Trwa ładowanie...
Zaloguj
Notowania
Przejdź na
Łukasz Pałka
|

Jeszcze w tym roku kredyty podrożeją

0
Podziel się:

Jesienią czekają nas pierwsze podwyżki stóp procentowych w Polsce, strefie euro i w Szwajcarii.

Jeszcze w tym roku kredyty podrożeją
(Forca/Dreamstime)

Do końca roku raty kredytu hipotecznego mogą wzrosnąć o kilkadziesiąt złotych. Dla osób, które rozważają kupno mieszkania, najkorzystniejsze może okazać się wzięcie go w ciągu najbliższych kilku miesięcy. W przyszłym roku o kredyt może być trudniej.

Zdaniem analityków Rada Polityki Pieniężnej na rozpoczynającym się dzisiaj posiedzeniu jeszcze nie podniesie stóp procentowych z najniższego w historii poziomu 3,50 procent. Do pierwszej podwyżki dojdzie jesienią.

- _ Obstawiam październik. Na razie inflacja spada, ale w drugiej połowie roku można spodziewać się jej odbicia, co dla RPP może być sygnałem do podwyżki _ – uważa Krzysztof Wołowicz, analityk makroekonomiczny banku BPS. Dodaje, że pierwsza podwyżka będzie zapewne skromna i wyniesie 0,25 punktu procentowego do poziomu 3,75 procent.

Ostrożnie stopy będą podnosić również banki centralne w Szwajcarii oraz w strefie euro. Główna stopa w Szwajcarii od roku jest utrzymywana na poziomie 0,25 procent, a w Eurolandzie wynosi 1 procent.

- _ Najbardziej inflacji obawiają się teraz Szwajcarzy. Myślę, że w tym roku mogą zdecydować się na dwie podwyżki w trzecim i czwartym kwartale po 0,25 punktu procentowego _ – mówi Grzegorz Ogonek, ekonomista z ING Banku. – _ W strefie euro może dojść do podwyżki również o 0,25 punktu procentowego w czwartym kwartale _ – przewiduje.

Podobnego zdania jest prof. Marian Noga, były członek RPP. - _ Najpierw w tym roku stopy podniosą Amerykanie, za nimi Szwajcaria i Euroland. W Polsce pierwszej podwyżki spodziewam się w drugiej połowie roku _ - mówi w rozmowie z Money.pl prof. Noga.

Bardziej podrożeją kredyty w złotych.

Tegoroczne podwyżki oprocentowania kredytów o 0,25 punktu nie będą jeszcze zbyt odczuwalne dla spłacających kredyty hipoteczne.

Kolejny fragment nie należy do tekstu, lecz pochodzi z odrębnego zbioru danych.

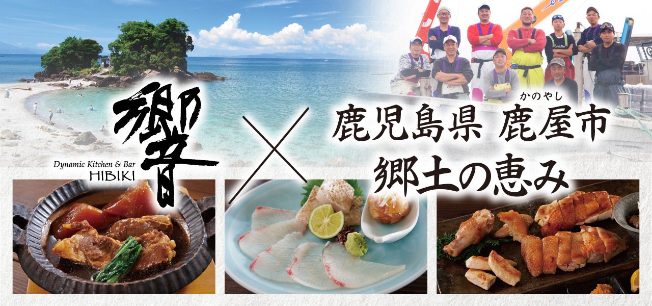 今回は数ある名産品のなかから【鎌田黒豚農場 鹿児島黒豚】【龍治農場 シャポーン鹿児島鶏】【柿内水産 三ツ星カンパチ】といった鹿児島県鹿屋市を代表する食材を、響の職人が素材の味を活かして調理し、皆さまにその魅力をお届け。8月1日(火)より首都圏の全店で販売いたします。

Na przykład osoba, która w ubiegłym roku zaciągnęła 240 tysięcy złotych kredytu na 30 lat, po podwyżce stóp o 0,25 punktu procentowego zapłaci ratę o 40 złotych wyższą w przypadku kredytu złotowego i około 30 złotych wyższą w przypadku kredytów w euro i franku szwajcarskim.

Tegoroczne podwyżki najprawdopodobniej zapoczątkują kolejny cykl podwyżek stóp procentowych. Jednak do nich może dojść dopiero w przyszłym roku.

Bardziej odczuwalne będą już podwyżki stóp o 0,5 punktu procentowego. W ich przypadku kredytobiorca będzie musiał się liczyć z ratą wyższą o około 80 złotych, gdy ma kredyt złotowy i około 60 złotych wyższą w przypadku kredytu walutowego.

Jeżeli stopy wzrosną o 1 punkt procentowy, czyli powrócą do poziomu z końca 2008 roku, wówczas wzrost raty będzie już odczuwalny: o 160 złotych na kredycie złotowym i 130 złotych na kredycie w walutach obcych.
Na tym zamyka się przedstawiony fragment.